*** Information provided ***

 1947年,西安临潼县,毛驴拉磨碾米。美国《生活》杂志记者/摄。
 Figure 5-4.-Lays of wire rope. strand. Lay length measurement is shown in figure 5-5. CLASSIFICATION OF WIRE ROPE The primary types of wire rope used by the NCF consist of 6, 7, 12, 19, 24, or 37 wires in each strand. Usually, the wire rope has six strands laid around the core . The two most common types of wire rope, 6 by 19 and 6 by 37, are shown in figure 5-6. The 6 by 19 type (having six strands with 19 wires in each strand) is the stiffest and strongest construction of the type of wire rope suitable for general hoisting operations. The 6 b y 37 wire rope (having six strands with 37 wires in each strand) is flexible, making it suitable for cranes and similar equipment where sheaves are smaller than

*** End of Information provided ***
*** Information provided ***

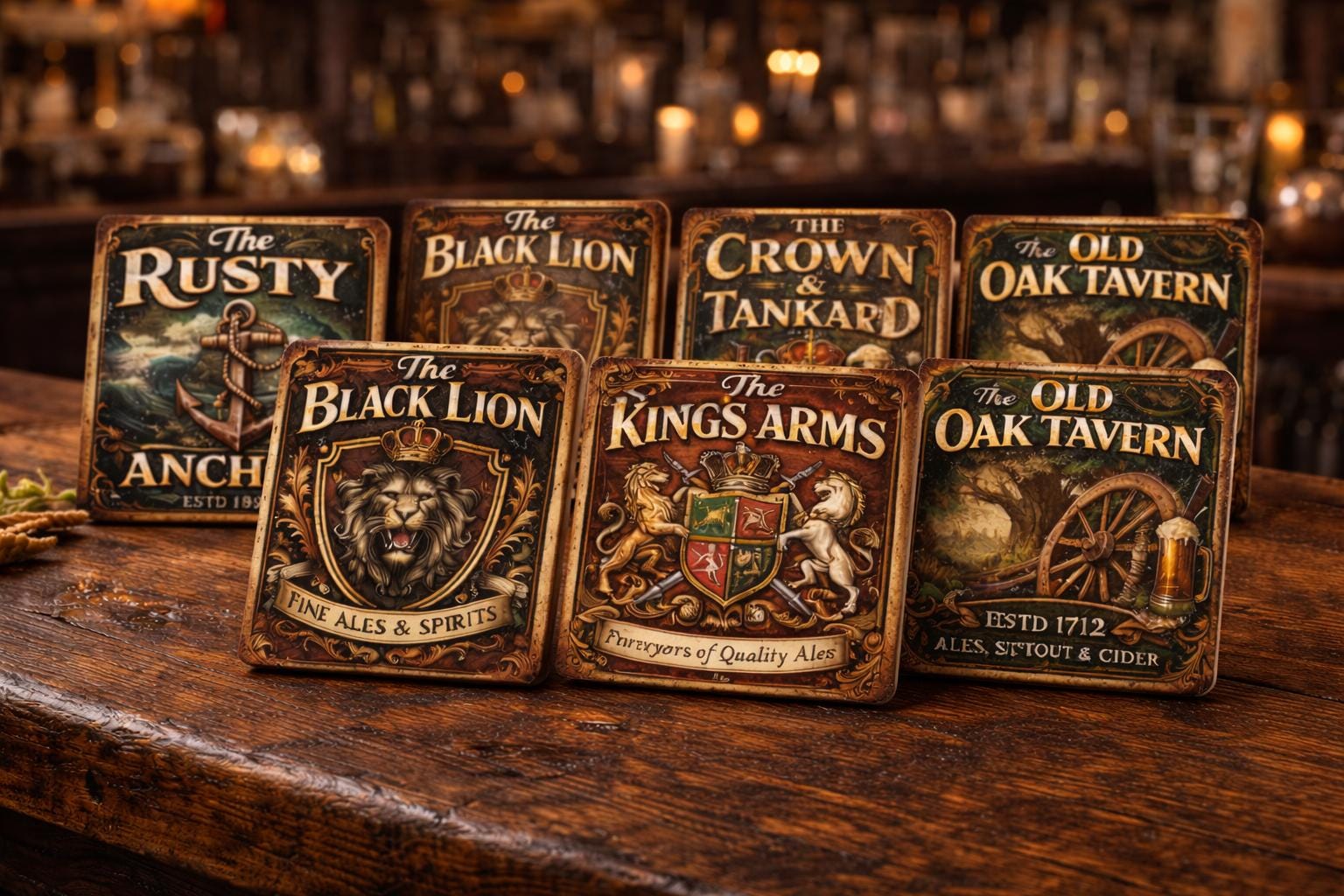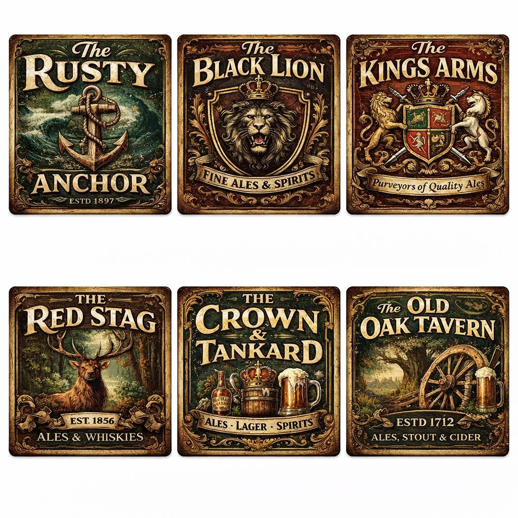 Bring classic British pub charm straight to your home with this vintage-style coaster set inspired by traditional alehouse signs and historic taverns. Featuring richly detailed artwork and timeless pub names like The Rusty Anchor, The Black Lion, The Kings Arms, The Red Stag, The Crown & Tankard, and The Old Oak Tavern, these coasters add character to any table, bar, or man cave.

*** End of Information provided ***

- Task to carry out -
Above this task is a listing. Restate, word for word and with nothing added, the lines from the one with "1947年,西安临潼县,毛驴拉磨碾米。美国《生活》杂志记者/摄。" through the one with "Figure 5-4.-Lays of".

- Result for this task -
 1947年,西安临潼县,毛驴拉磨碾米。美国《生活》杂志记者/摄。
 Figure 5-4.-Lays of wire rope. strand. Lay length measurement is shown in figure 5-5. CLASSIFICATION OF WIRE ROPE The primary types of wire rope used by the NCF consist of 6, 7, 12, 19, 24, or 37 wires in each strand. Usually, the wire rope has six strands laid around the core . The two most common types of wire rope, 6 by 19 and 6 by 37, are shown in figure 5-6. The 6 by 19 type (having six strands with 19 wires in each strand) is the stiffest and strongest construction of the type of wire rope suitable for general hoisting operations. The 6 b y 37 wire rope (having six strands with 37 wires in each strand) is flexible, making it suitable for cranes and similar equipment where sheaves are smaller than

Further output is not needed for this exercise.